◆ What this task involves:
Below are records with pictures. Transcribe exactly, and only, the lines from the line with "Cardigan viRil L/S" to the line with "保育園・幼稚園・こども園の経", both ends included, but not the pictures.

◆ Excerpted records:

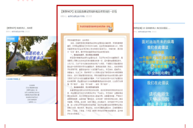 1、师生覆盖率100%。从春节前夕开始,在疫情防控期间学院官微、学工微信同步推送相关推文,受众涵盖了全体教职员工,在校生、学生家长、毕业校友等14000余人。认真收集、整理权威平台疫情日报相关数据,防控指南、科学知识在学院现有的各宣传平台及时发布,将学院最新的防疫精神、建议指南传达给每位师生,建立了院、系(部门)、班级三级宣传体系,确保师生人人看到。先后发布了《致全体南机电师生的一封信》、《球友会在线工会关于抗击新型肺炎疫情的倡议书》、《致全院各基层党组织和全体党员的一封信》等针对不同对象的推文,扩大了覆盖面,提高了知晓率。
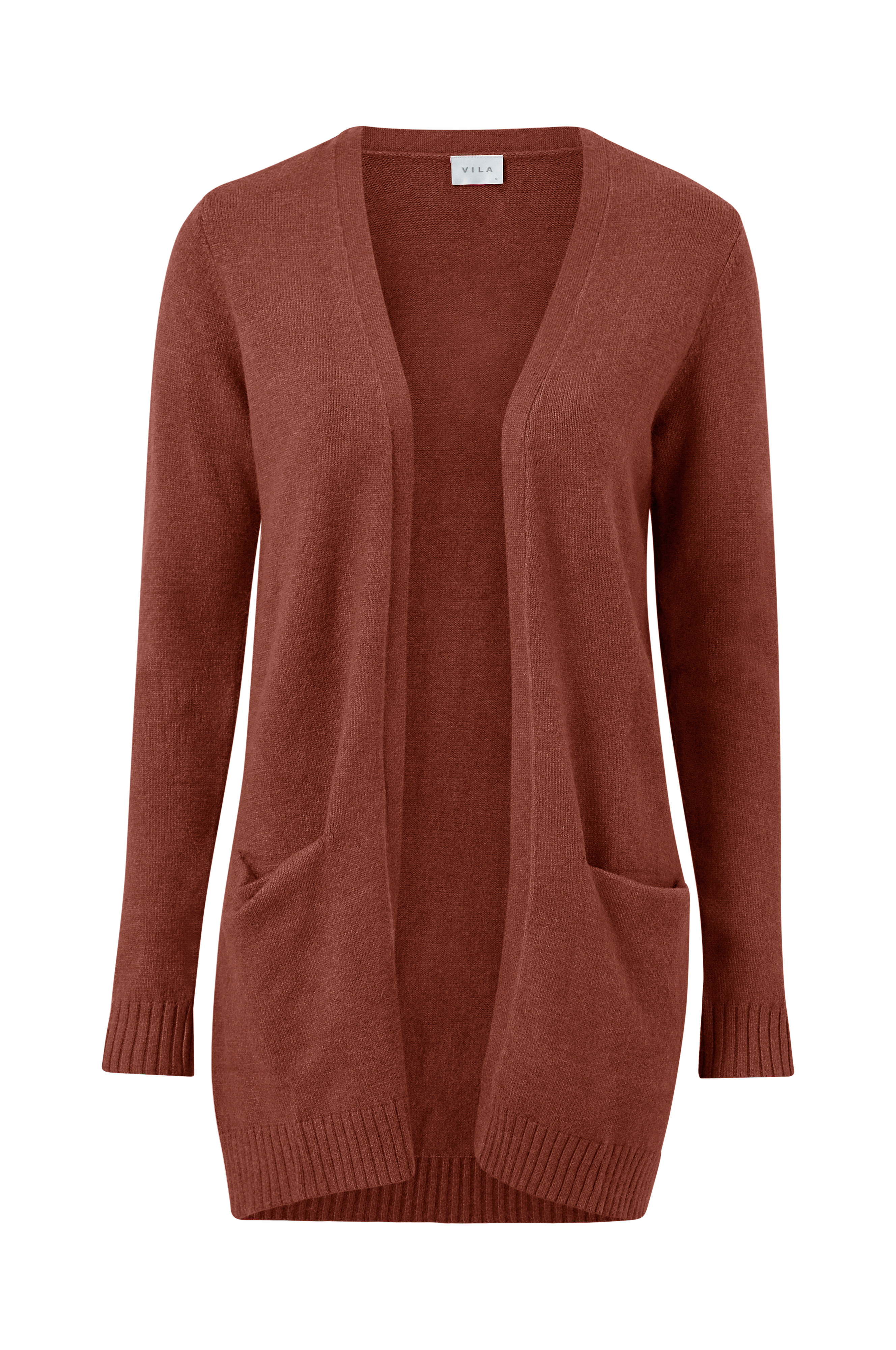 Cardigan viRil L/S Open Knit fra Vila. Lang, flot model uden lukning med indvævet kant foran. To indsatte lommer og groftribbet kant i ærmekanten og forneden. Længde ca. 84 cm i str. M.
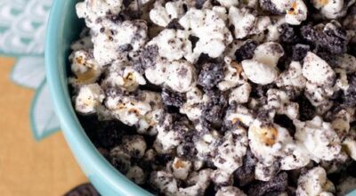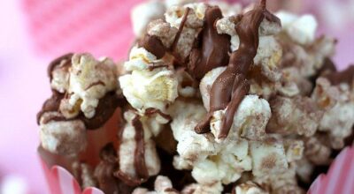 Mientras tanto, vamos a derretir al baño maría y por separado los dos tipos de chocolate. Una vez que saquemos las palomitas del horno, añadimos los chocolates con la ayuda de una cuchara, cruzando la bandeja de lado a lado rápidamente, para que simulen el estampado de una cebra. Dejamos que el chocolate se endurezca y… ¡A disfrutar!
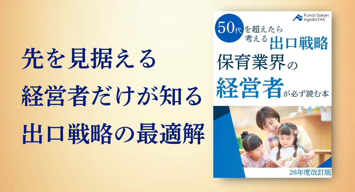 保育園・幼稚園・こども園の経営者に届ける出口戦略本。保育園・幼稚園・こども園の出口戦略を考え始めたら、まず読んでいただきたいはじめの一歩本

* * *

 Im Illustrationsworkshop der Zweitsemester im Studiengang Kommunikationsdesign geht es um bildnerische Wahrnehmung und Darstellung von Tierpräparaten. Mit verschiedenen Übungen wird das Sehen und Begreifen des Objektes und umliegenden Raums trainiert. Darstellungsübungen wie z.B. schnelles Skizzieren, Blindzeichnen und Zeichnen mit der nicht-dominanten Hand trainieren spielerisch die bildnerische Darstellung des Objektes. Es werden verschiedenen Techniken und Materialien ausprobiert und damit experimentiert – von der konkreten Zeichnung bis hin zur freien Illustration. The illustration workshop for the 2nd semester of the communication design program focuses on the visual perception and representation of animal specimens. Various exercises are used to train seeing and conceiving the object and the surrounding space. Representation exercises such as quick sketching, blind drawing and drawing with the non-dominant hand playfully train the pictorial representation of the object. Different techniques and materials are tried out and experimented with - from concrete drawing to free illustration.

==

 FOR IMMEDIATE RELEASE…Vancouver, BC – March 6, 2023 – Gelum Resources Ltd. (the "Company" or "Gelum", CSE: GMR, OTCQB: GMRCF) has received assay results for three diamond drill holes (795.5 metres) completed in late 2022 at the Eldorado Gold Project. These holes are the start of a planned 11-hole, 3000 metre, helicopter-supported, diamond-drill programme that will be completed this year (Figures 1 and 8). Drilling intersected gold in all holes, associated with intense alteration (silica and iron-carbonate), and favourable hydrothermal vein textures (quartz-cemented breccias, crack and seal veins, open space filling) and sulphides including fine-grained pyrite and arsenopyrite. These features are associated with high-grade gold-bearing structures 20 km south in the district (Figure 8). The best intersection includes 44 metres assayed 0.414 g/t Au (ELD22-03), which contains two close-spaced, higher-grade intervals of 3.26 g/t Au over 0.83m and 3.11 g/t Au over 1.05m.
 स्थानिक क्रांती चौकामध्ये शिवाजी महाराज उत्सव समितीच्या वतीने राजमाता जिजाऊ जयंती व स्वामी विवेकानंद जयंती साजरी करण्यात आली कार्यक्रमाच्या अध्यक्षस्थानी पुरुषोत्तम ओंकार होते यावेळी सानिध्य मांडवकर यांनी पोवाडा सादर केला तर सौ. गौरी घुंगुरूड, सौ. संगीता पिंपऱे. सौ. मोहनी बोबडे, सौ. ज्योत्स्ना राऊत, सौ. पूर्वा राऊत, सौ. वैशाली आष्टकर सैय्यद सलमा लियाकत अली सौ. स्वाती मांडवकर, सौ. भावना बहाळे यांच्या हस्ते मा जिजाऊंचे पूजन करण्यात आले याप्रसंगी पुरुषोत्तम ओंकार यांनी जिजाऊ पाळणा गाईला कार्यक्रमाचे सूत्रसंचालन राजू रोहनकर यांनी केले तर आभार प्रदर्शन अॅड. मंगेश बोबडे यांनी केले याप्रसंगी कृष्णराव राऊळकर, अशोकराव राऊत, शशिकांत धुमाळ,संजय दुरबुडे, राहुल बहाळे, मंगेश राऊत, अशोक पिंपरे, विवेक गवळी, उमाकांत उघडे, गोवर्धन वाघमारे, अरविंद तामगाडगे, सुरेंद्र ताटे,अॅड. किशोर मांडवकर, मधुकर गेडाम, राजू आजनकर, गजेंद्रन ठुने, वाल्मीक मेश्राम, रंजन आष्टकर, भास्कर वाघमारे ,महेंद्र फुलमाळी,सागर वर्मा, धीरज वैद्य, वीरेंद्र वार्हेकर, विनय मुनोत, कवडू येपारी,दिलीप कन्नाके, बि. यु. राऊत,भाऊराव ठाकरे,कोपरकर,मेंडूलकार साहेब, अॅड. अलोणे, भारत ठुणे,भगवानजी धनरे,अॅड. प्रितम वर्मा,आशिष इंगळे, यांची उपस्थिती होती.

◆ Reply:
 Cardigan viRil L/S Open Knit fra Vila. Lang, flot model uden lukning med indvævet kant foran. To indsatte lommer og groftribbet kant i ærmekanten og forneden. Længde ca. 84 cm i str. M.
 Mientras tanto, vamos a derretir al baño maría y por separado los dos tipos de chocolate. Una vez que saquemos las palomitas del horno, añadimos los chocolates con la ayuda de una cuchara, cruzando la bandeja de lado a lado rápidamente, para que simulen el estampado de una cebra. Dejamos que el chocolate se endurezca y… ¡A disfrutar!
 保育園・幼稚園・こども園の経営者に届ける出口戦略本。保育園・幼稚園・こども園の出口戦略を考え始めたら、まず読んでいただきたいはじめの一歩本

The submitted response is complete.